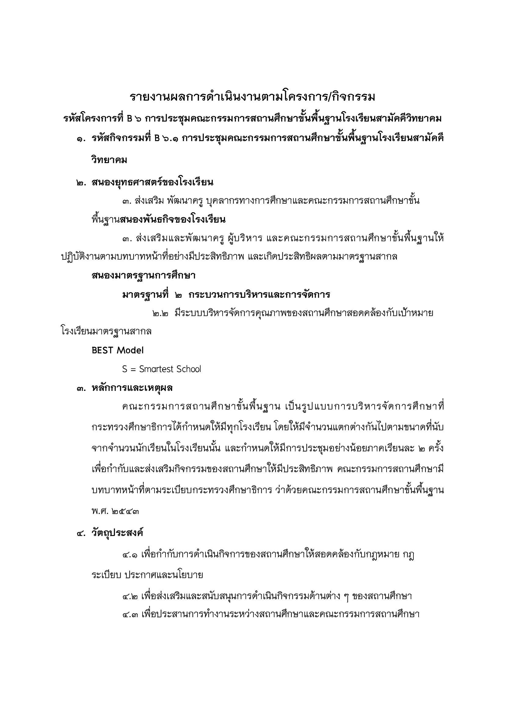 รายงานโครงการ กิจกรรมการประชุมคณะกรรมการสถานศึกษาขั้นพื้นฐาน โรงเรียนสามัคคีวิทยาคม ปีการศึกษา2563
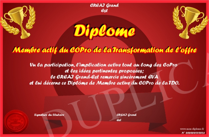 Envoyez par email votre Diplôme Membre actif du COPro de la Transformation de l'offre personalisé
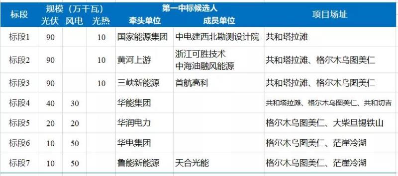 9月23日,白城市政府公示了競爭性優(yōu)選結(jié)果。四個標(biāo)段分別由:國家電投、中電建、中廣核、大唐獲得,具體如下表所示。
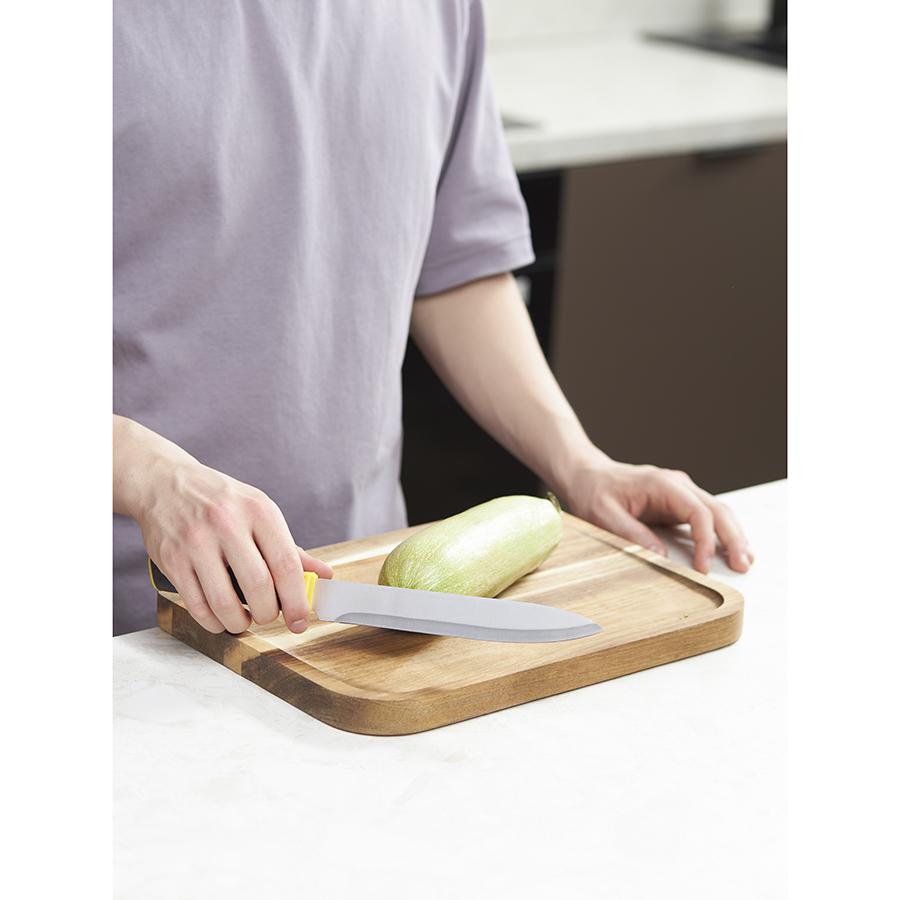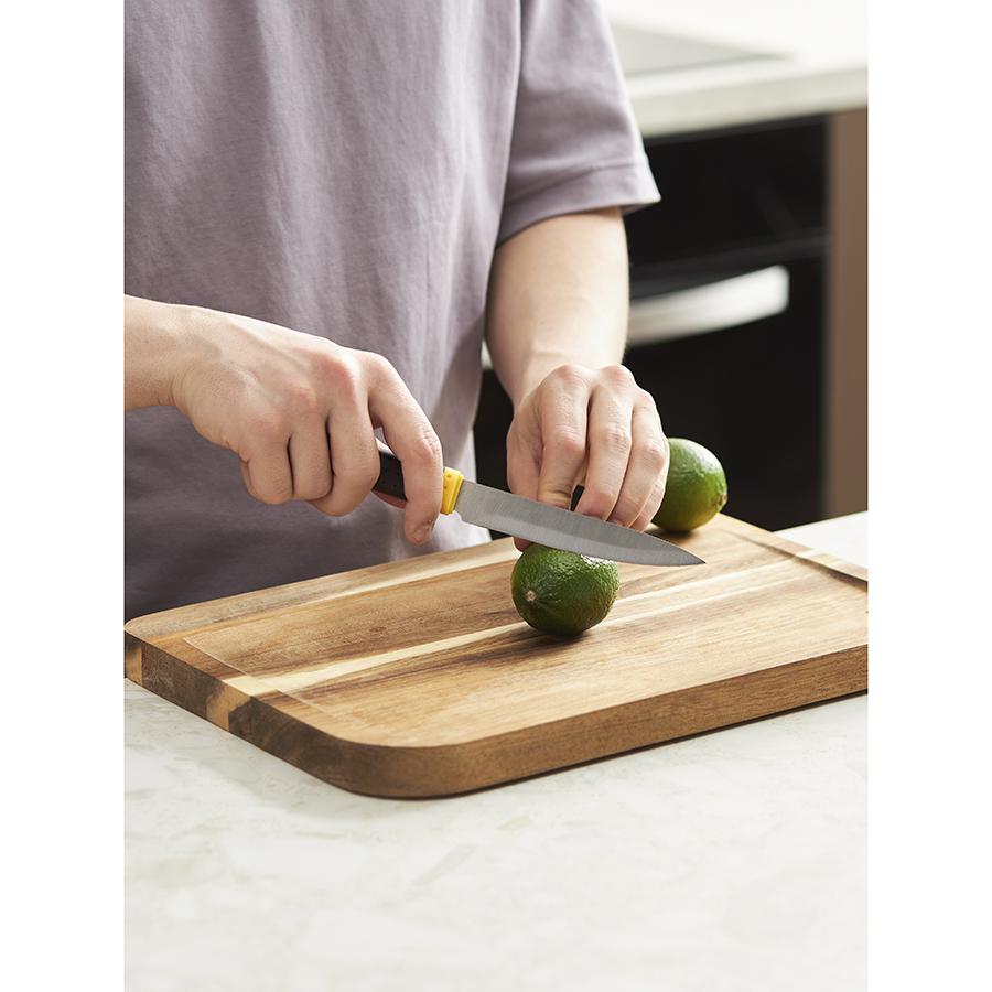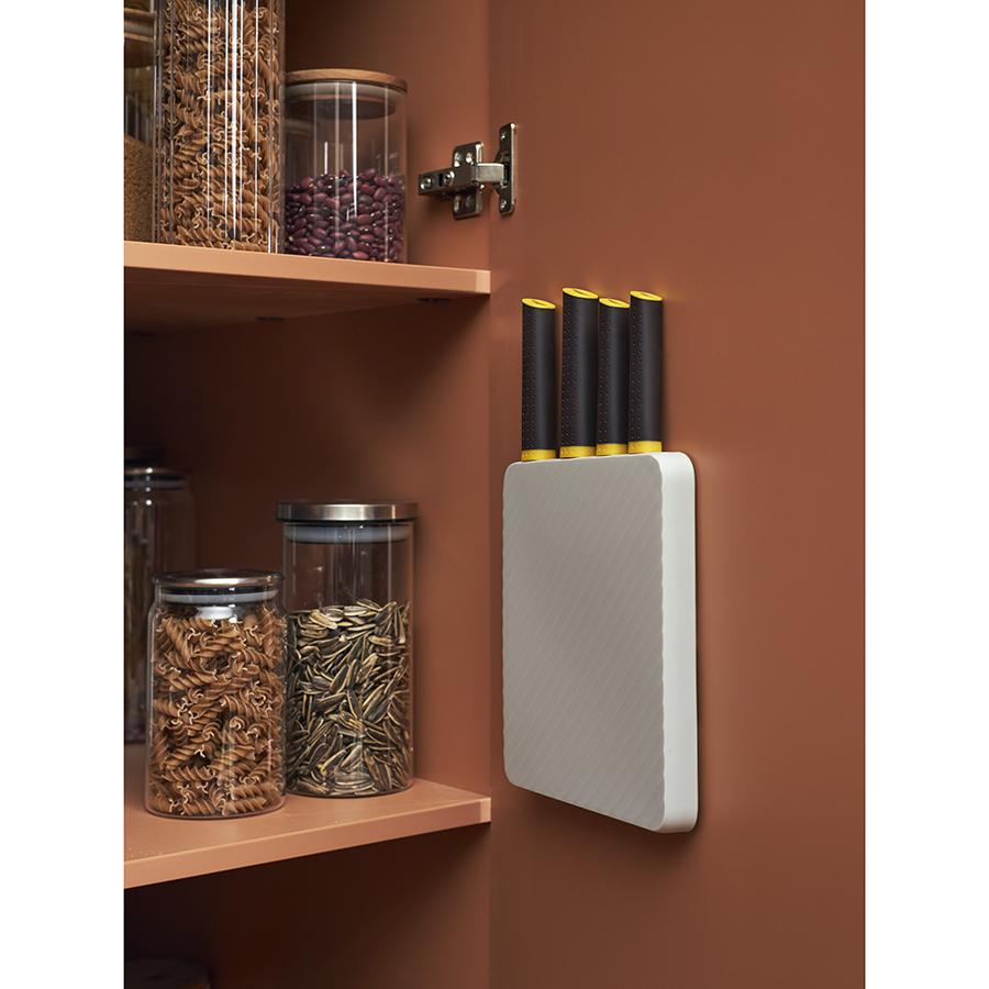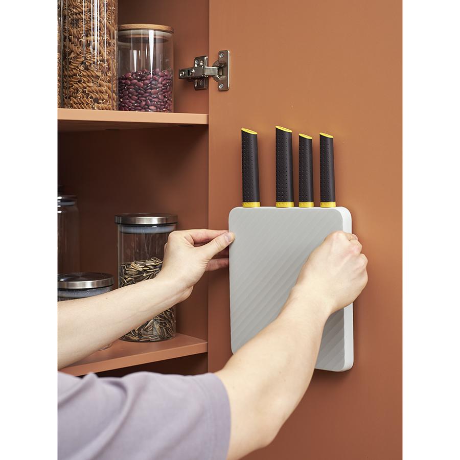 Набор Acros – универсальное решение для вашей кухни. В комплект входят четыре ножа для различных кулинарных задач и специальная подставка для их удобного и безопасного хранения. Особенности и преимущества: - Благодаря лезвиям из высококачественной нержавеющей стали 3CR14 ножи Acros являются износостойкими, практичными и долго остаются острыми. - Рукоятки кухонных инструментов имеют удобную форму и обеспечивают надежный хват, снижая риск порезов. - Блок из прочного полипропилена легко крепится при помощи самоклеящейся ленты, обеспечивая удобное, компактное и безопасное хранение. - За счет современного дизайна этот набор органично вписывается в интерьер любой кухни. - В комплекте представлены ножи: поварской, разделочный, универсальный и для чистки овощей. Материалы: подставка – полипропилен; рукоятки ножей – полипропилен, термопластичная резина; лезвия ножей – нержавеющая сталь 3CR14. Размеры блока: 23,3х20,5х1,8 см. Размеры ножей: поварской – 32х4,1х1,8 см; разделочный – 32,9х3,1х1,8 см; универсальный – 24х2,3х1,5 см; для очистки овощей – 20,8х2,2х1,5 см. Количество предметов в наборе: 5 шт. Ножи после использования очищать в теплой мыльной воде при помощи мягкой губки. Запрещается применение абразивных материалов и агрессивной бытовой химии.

_ _ _ _

Exercise requirements: Each line of the data above should be reproduced without alteration, and no picture should appear in the copy.

Exercise answer:
 รายงานโครงการ กิจกรรมการประชุมคณะกรรมการสถานศึกษาขั้นพื้นฐาน โรงเรียนสามัคคีวิทยาคม ปีการศึกษา2563
 Envoyez par email votre Diplôme Membre actif du COPro de la Transformation de l'offre personalisé
 9月23日,白城市政府公示了競爭性優(yōu)選結(jié)果。四個標(biāo)段分別由:國家電投、中電建、中廣核、大唐獲得,具體如下表所示。
 Набор Acros – универсальное решение для вашей кухни. В комплект входят четыре ножа для различных кулинарных задач и специальная подставка для их удобного и безопасного хранения. Особенности и преимущества: - Благодаря лезвиям из высококачественной нержавеющей стали 3CR14 ножи Acros являются износостойкими, практичными и долго остаются острыми. - Рукоятки кухонных инструментов имеют удобную форму и обеспечивают надежный хват, снижая риск порезов. - Блок из прочного полипропилена легко крепится при помощи самоклеящейся ленты, обеспечивая удобное, компактное и безопасное хранение. - За счет современного дизайна этот набор органично вписывается в интерьер любой кухни. - В комплекте представлены ножи: поварской, разделочный, универсальный и для чистки овощей. Материалы: подставка – полипропилен; рукоятки ножей – полипропилен, термопластичная резина; лезвия ножей – нержавеющая сталь 3CR14. Размеры блока: 23,3х20,5х1,8 см. Размеры ножей: поварской – 32х4,1х1,8 см; разделочный – 32,9х3,1х1,8 см; универсальный – 24х2,3х1,5 см; для очистки овощей – 20,8х2,2х1,5 см. Количество предметов в наборе: 5 шт. Ножи после использования очищать в теплой мыльной воде при помощи мягкой губки. Запрещается применение абразивных материалов и агрессивной бытовой химии.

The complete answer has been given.